==== Provided material ====

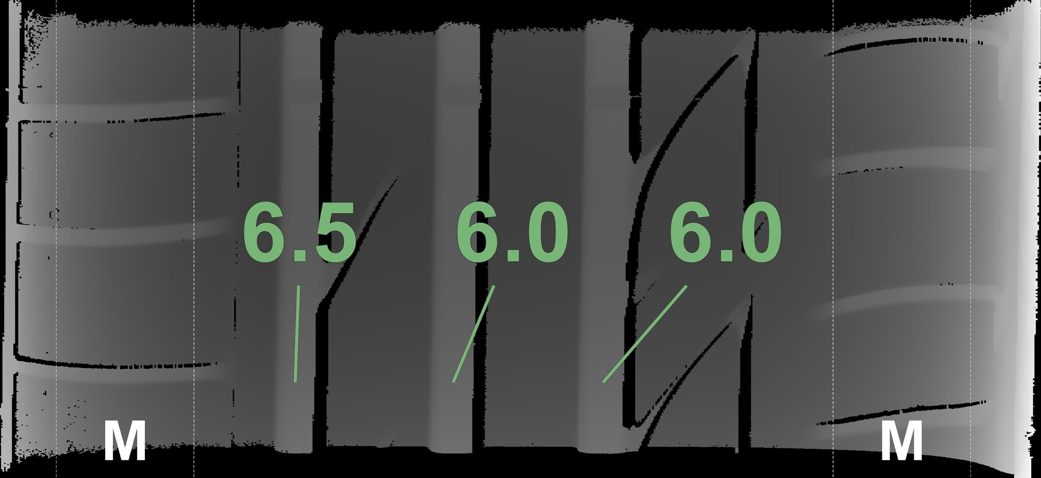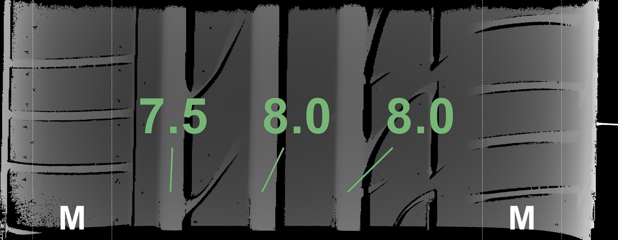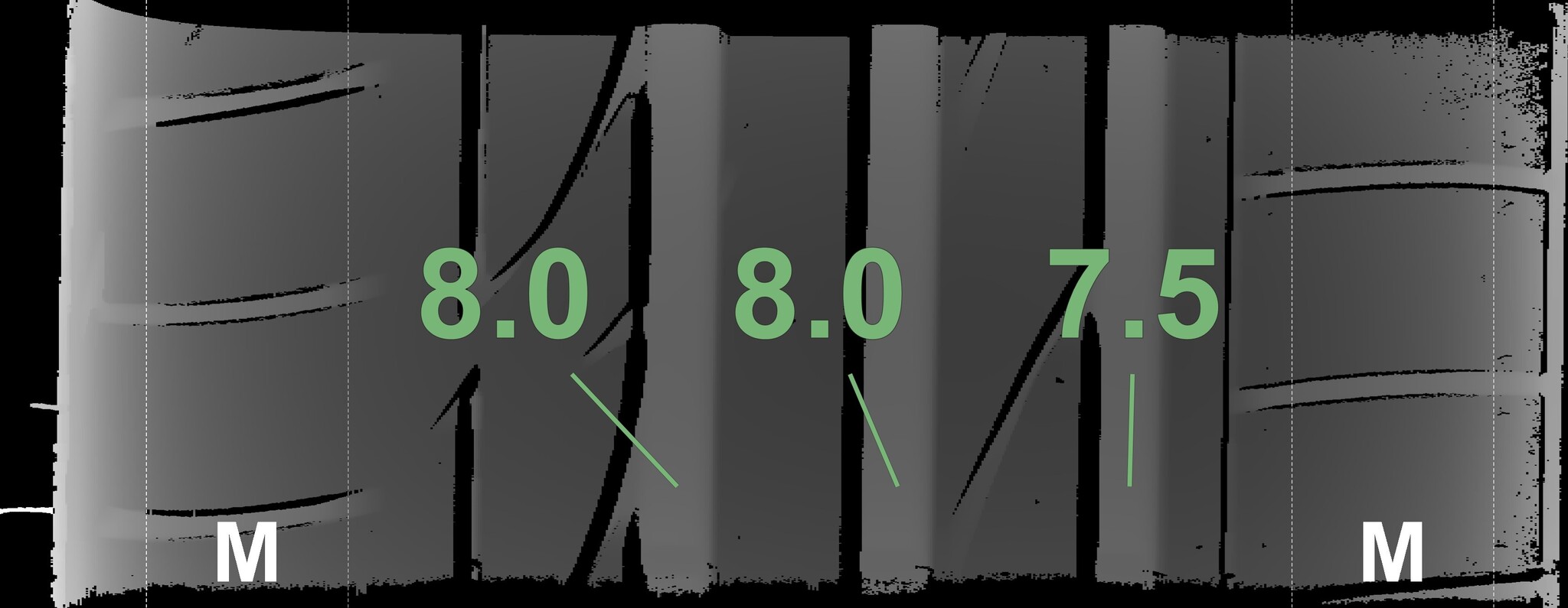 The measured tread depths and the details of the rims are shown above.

====
==== Provided material ====

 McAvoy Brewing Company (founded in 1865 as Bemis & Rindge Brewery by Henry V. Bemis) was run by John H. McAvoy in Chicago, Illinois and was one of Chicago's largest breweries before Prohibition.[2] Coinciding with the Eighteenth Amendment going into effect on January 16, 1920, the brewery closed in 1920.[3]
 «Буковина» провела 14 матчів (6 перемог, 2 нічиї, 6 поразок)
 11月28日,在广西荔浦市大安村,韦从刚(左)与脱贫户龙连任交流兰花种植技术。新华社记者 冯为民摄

====

* Instructions to follow: Give back exactly the lines above starting at the line where "нічиї, 6 поразок)" appears and ending at the line where "11月28日,在广西荔浦市大" appears, both included, with no other lines.

* The answer:
 «Буковина» провела 14 матчів (6 перемог, 2 нічиї, 6 поразок)
 11月28日,在广西荔浦市大安村,韦从刚(左)与脱贫户龙连任交流兰花种植技术。新华社记者 冯为民摄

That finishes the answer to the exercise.